Chancellor of Germany (Weimar Republic)
- In office 17 May 1926 – 28 June 1928
- President: Paul von Hindenburg
- Vice-Chancellor: Oskar Hergt
- Preceded by: Hans Luther
- Succeeded by: Hermann Müller
- In office 30 November 1923 – 15 January 1925
- President: Friedrich Ebert
- Vice-Chancellor: Karl Jarres
- Preceded by: Gustav Stresemann
- Succeeded by: Hans Luther

Minister of Justice
- In office 10 January 1926 – 12 May 1926
- Chancellor: Hans Luther
- Preceded by: Josef Frenken
- Succeeded by: Johannes Bell

Minister for the Occupied Territories
- In office 10 January 1926 – 12 May 1926
- Chancellor: Hans Luther
- Preceded by: Hans Luther
- Succeeded by: Johannes Bell

Minister President of Prussia
- In office 18 February 1925 – 6 April 1925
- Preceded by: Otto Braun
- Succeeded by: Otto Braun

Chairman of the Centre Party
- In office 17 January 1922 – 8 December 1928
- Preceded by: Karl Trimborn
- Succeeded by: Ludwig Kaas

Member of the Reichstag (Weimar Republic)
- In office 24 June 1920 – 10 June 1932
- Constituency: Thuringia (1928–1932); Düsseldorf East (1920–1928);

(German Empire)
- In office 2 March 1910 – 9 November 1918
- Constituency: Köln 6

Member of the Weimar National Assembly
- In office 6 February 1919 – 6 June 1920
- Constituency: Düsseldorf East

Personal details
- Born: Wilhelm Marx 15 January 1863 Cologne, Kingdom of Prussia
- Died: 5 August 1946 (aged 83) Bonn, Germany
- Party: Centre
- Spouse: Johanna Verkoyen ​(m. 1891)​
- Children: 4
- Education: University of Bonn
- Profession: Lawyer

= Wilhelm Marx =

Chancellor of Germany, 1923–1925, 1926–1928

Wilhelm Marx (15 January 1863 – 5 August 1946) was a German judge, lawyer, and politician who twice served as chancellor of Germany during the Weimar Republic, from 1923 to 1925 and again from 1926 to 1928. He also briefly held the position of Minister-President of Prussia in 1925. A leading figure in the Centre Party, he served as its chairman from 1922 to 1928. With a total tenure of three years and 73 days, he was the longest-serving chancellor of the Weimar Republic.

After being a member of the Reichstag of the German Empire for ten years, Marx was elected in 1919 to the Weimar National Assembly that drafted Germany's new constitution and then in 1920 to the Republic's Reichstag where he served until not long before the Nazi takeover.
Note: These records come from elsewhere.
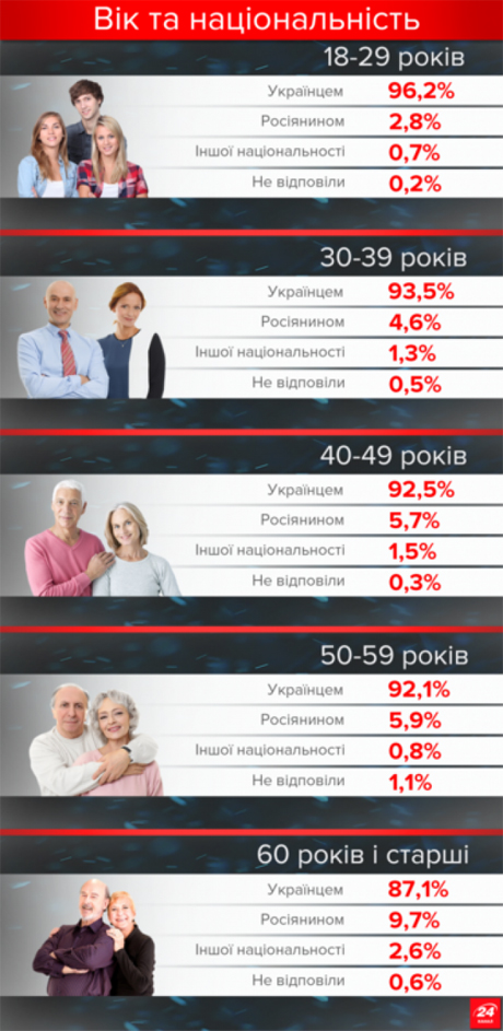 В Центре Разумкова также обнаружили тенденцию, согласно которой доля респондентов, идентифицирующих себя как этнических украинцев, растет со снижением возраста опрошенных. В частности, среди респондентов в возрасте 60 и более лет 87% называют себя украинцами, а в возрасте от 18 до 29 лет – этнических украинцев около 96%.
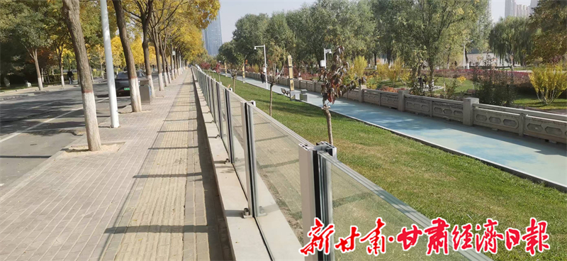 深秋时节,兰州百里黄河风情线景色宜人,新建成的黄河防浪墙在阳光下熠熠生辉。晨练市民赞叹道:“住在兰州,常在黄河边散步,越来越安全了!”
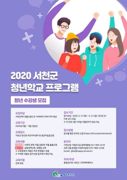 청년학교는 충청남도와 서천군의 공동으로 주관하는 사업으로 전문 강사를 초빙해 사회적 경제 교육을 비롯해 퍼실리테이터와 함께하는 마을 공동체 교육, 사람을 이끄는 대화법 강의 등이 진행된다.
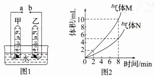 2. 图 1 是电解水的装置,图 2 是甲、乙试管中收集到的气体体积与时间的关系图。若甲试管中生成气体 N,下列说法不正确的是(

As chancellor, he helped steer Germany through the crisis year of 1923 with its hyperinflation and rebellious state governments. The following year, his government worked to end the immediate crisis over Germany's war reparations and then in 1927 successfully brought Germany into the League of Nations. His terms in office saw a number of progressive pieces of legislation pass, including family allowances for state employees and comprehensive unemployment insurance.
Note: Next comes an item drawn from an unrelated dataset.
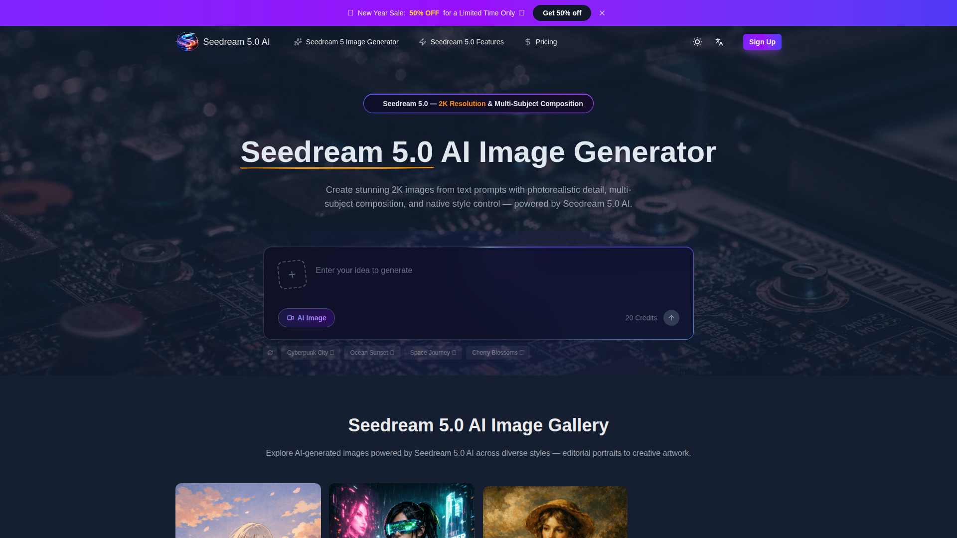Seedream 5.0 AI is a cutting-edge AI image generator that transforms text prompts into stunning 2K resolution images. It excels in photorealistic detail and multi-subject composition. Designed for creators, designers, and marketing teams, Seedream 5.0 offers native style control and fast generation speeds. Its image-to-image editing capabilities provide precise style transfer and object manipulation. Seedream 5.0 delivers professional-grade results. It supports diverse styles, from photorealism to anime, offers commercial licensing, and is mobile-compatible, making it an ideal tool for various creative projects.
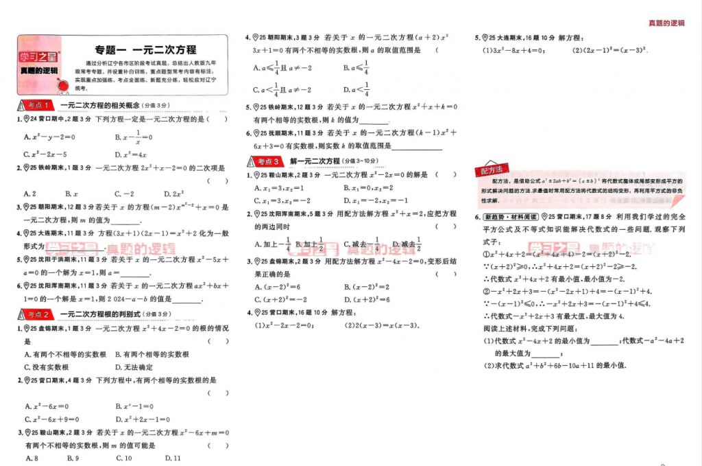 2025秋数学《学习之星 真题的逻辑》7-9年级(人教)

After resigning from the Reichstag in 1932, Marx worked with various civic organisations. He remained in Germany through the Nazi era and died in Bonn in 1946.

== Early life ==
Marx was born in 1863 in Cologne to the Catholic school rector Johann Marx (1822–1882) and his wife, Gertrude (1826–1909). He had a sister, Barbara, who later headed the Cologne Ursulines.

Marx was awarded his secondary school certificate (Abitur) at the Marzellengymnasium in 1881. He then studied jurisprudence at the University of Bonn from 1881 to 1884. As a student he became a member of Catholic Student Association Arminia of Bonn.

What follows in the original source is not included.